## [Dataset excerpts]
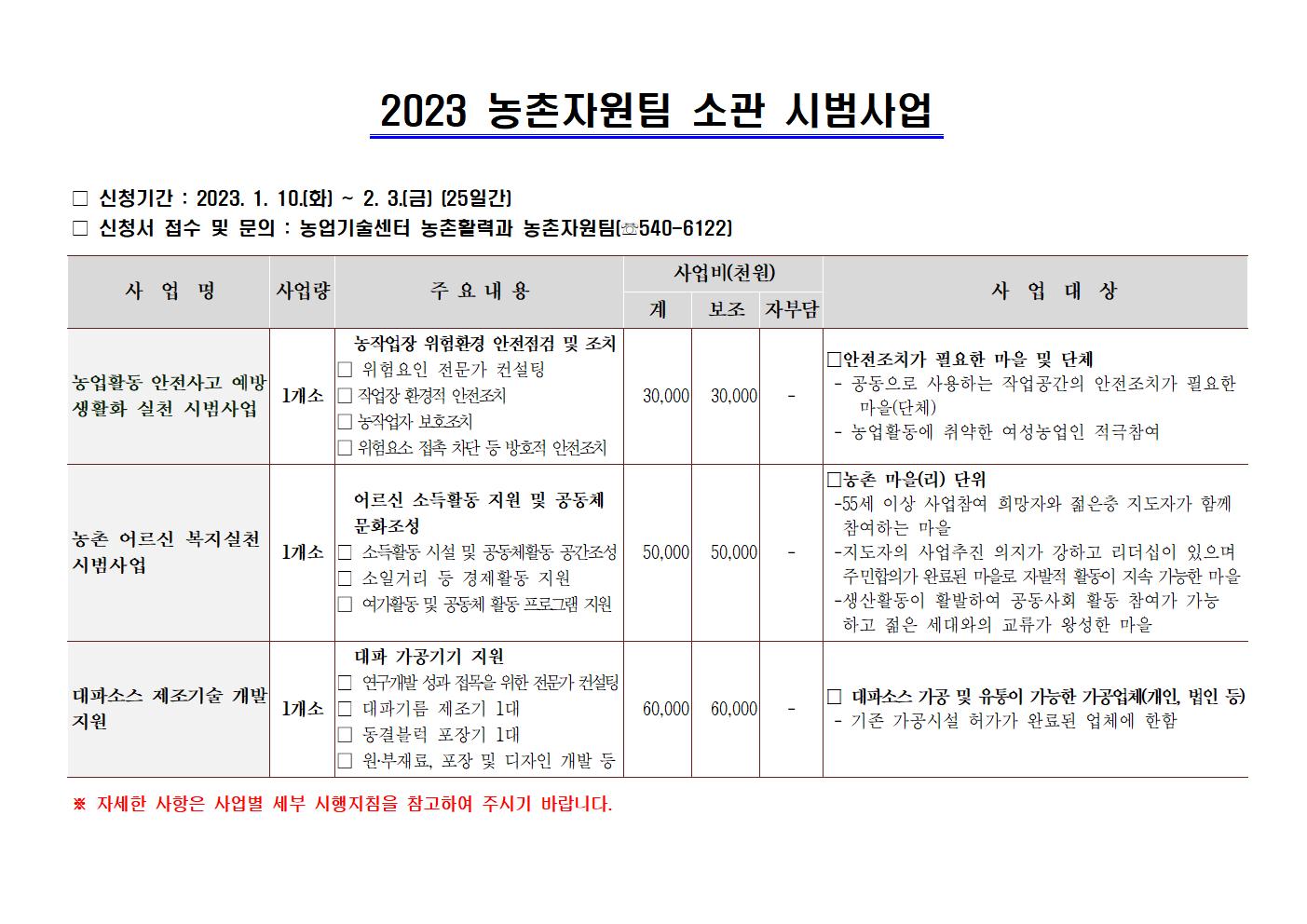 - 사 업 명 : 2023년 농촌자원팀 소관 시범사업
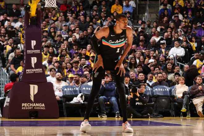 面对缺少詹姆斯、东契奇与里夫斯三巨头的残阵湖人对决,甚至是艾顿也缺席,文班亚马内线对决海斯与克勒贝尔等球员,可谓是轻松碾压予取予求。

* * *

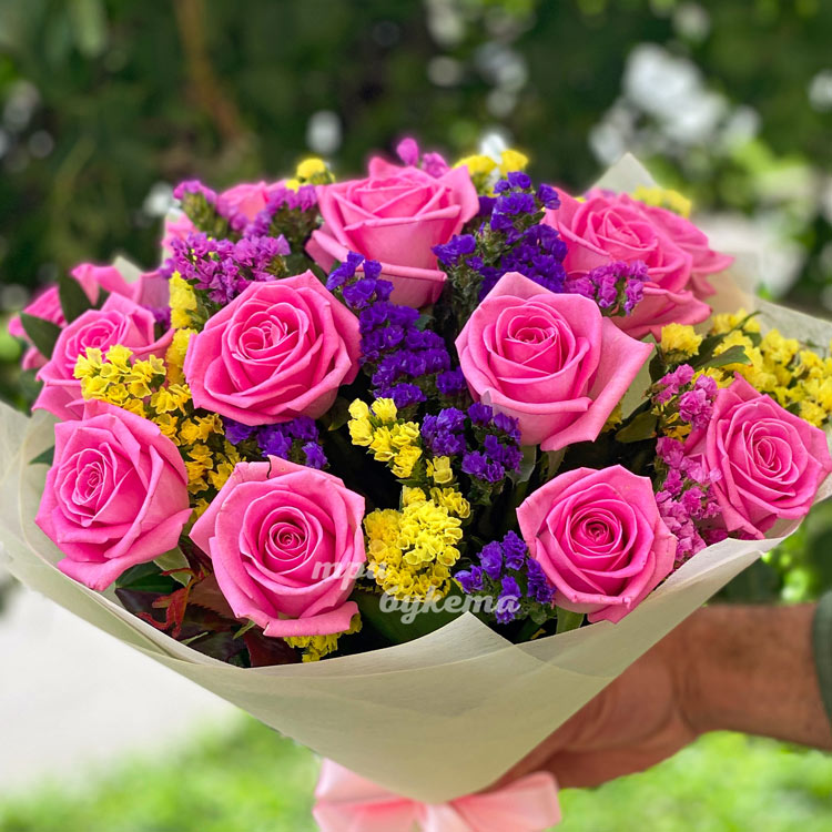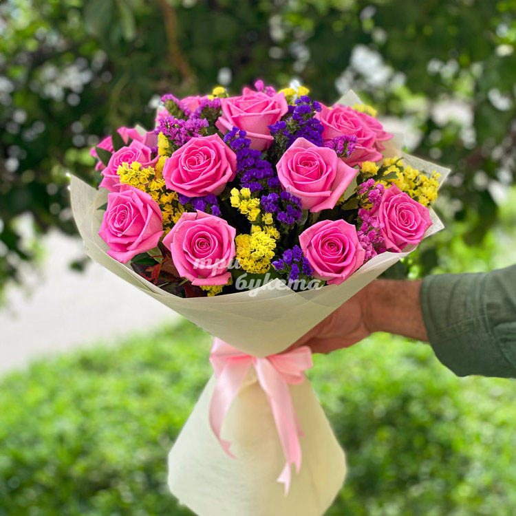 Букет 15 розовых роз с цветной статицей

## [Your objective]
Working from the entries above, please transcribe only the lines from the line with "- 사 업 명 : 2023년 농촌자원팀 소관 시범사업" through the line with "面对缺少詹姆斯、东契奇与里夫", exactly, with both end lines and without pictures.

## [Problem solution]
 - 사 업 명 : 2023년 농촌자원팀 소관 시범사업
 面对缺少詹姆斯、东契奇与里夫斯三巨头的残阵湖人对决,甚至是艾顿也缺席,文班亚马内线对决海斯与克勒贝尔等球员,可谓是轻松碾压予取予求。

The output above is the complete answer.